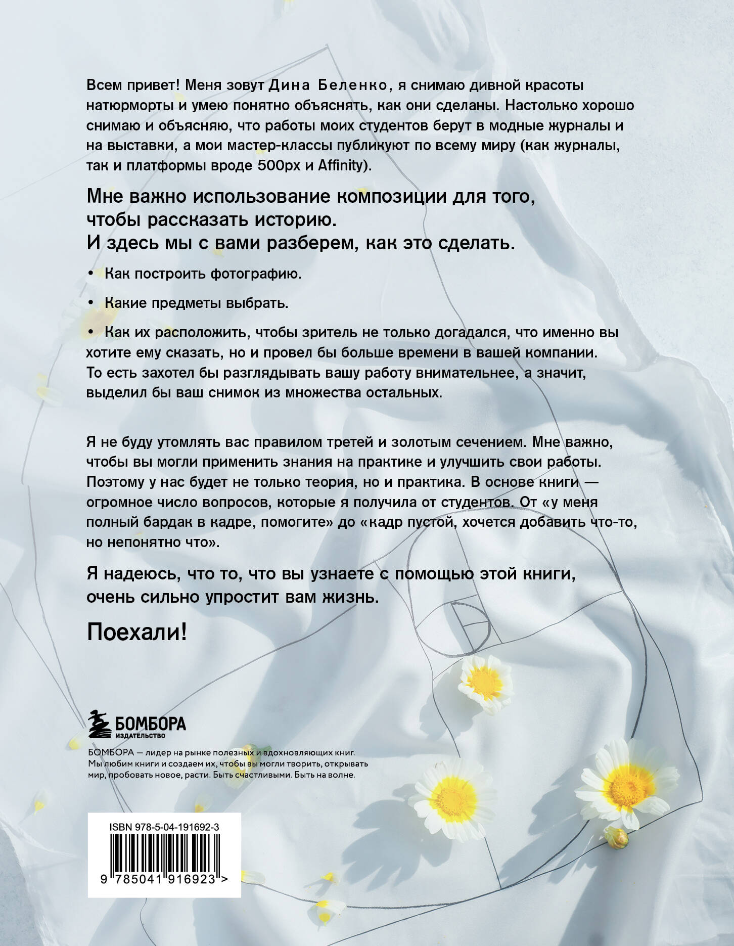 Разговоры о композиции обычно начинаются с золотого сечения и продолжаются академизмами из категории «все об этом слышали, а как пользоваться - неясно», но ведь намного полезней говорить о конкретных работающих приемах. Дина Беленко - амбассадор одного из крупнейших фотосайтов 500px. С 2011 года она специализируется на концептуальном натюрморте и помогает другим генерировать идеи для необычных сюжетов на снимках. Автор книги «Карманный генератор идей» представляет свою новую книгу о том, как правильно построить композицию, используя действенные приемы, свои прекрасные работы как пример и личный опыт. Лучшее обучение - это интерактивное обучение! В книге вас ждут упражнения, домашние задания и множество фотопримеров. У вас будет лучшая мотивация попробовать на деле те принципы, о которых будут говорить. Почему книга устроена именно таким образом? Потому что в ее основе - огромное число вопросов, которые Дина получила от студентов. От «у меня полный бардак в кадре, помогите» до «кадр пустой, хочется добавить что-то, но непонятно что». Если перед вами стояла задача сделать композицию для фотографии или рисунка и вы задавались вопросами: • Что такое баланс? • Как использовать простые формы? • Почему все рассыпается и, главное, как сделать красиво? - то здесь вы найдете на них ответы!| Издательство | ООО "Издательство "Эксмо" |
★ ★ ★ ★ ★
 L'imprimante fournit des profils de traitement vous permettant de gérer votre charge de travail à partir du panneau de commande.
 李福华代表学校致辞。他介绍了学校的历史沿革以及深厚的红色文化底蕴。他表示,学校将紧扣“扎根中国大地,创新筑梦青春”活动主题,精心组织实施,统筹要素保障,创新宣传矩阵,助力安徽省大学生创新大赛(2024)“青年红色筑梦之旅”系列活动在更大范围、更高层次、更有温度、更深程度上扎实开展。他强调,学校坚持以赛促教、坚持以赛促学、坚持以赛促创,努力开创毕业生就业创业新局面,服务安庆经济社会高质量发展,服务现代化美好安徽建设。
★ ★ ★ ★ ★
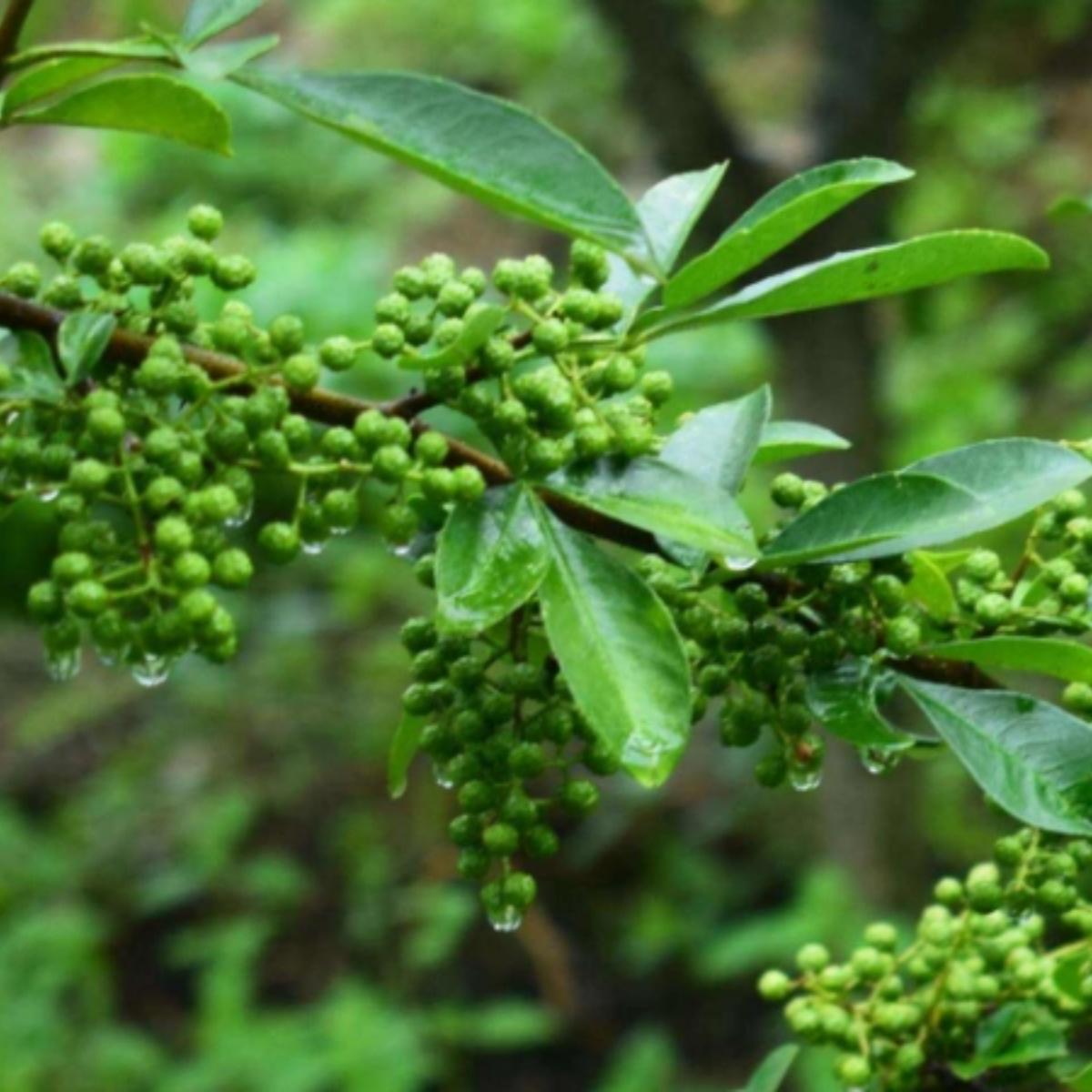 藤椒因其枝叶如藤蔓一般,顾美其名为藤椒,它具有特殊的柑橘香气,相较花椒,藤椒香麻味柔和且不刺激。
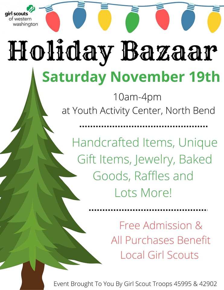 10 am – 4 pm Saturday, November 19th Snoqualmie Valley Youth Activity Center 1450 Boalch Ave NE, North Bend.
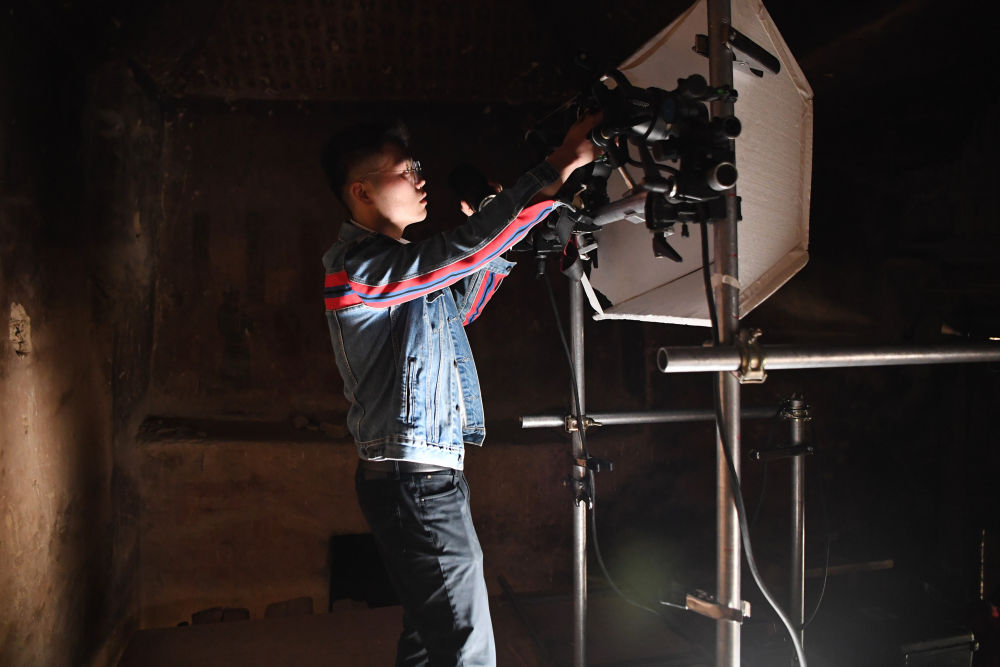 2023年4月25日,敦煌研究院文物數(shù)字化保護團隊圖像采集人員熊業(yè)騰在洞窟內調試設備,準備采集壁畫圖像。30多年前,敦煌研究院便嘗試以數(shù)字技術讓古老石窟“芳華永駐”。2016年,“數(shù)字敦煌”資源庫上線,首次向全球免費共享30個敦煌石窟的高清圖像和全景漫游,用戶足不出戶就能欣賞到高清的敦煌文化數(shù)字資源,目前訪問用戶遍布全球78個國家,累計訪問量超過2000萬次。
★ ★ ★ ★ ★
__What you should do__
Using the data above, which lines fall from the one with "10 am – 4 pm" through the one with "2023年4月25日,敦煌研"? Repeat them exactly, ends included, minus any pictures.

__Answer box__
 10 am – 4 pm Saturday, November 19th Snoqualmie Valley Youth Activity Center 1450 Boalch Ave NE, North Bend.
 2023年4月25日,敦煌研究院文物數(shù)字化保護團隊圖像采集人員熊業(yè)騰在洞窟內調試設備,準備采集壁畫圖像。30多年前,敦煌研究院便嘗試以數(shù)字技術讓古老石窟“芳華永駐”。2016年,“數(shù)字敦煌”資源庫上線,首次向全球免費共享30個敦煌石窟的高清圖像和全景漫游,用戶足不出戶就能欣賞到高清的敦煌文化數(shù)字資源,目前訪問用戶遍布全球78個國家,累計訪問量超過2000萬次。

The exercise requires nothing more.